▸ Exercise materials

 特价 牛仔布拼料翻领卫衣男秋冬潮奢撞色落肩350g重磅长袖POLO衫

---

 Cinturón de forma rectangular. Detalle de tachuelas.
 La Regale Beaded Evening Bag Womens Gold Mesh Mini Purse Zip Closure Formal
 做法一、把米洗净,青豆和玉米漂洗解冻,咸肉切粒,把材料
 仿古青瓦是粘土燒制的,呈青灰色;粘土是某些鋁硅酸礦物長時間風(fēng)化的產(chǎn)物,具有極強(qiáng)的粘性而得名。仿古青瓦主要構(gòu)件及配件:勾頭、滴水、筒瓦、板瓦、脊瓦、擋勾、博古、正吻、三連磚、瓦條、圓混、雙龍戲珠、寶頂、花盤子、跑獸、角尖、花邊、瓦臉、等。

▸ Work item
Within the material above, extract exactly the lines that start at the line containing "做法一、把米洗净,青豆和玉米漂洗解冻,咸肉切粒,把材料" and stop after the line containing "仿古青瓦是粘土燒制的,呈青灰", and only those.

▸ Task result
 做法一、把米洗净,青豆和玉米漂洗解冻,咸肉切粒,把材料
 仿古青瓦是粘土燒制的,呈青灰色;粘土是某些鋁硅酸礦物長時間風(fēng)化的產(chǎn)物,具有極強(qiáng)的粘性而得名。仿古青瓦主要構(gòu)件及配件:勾頭、滴水、筒瓦、板瓦、脊瓦、擋勾、博古、正吻、三連磚、瓦條、圓混、雙龍戲珠、寶頂、花盤子、跑獸、角尖、花邊、瓦臉、等。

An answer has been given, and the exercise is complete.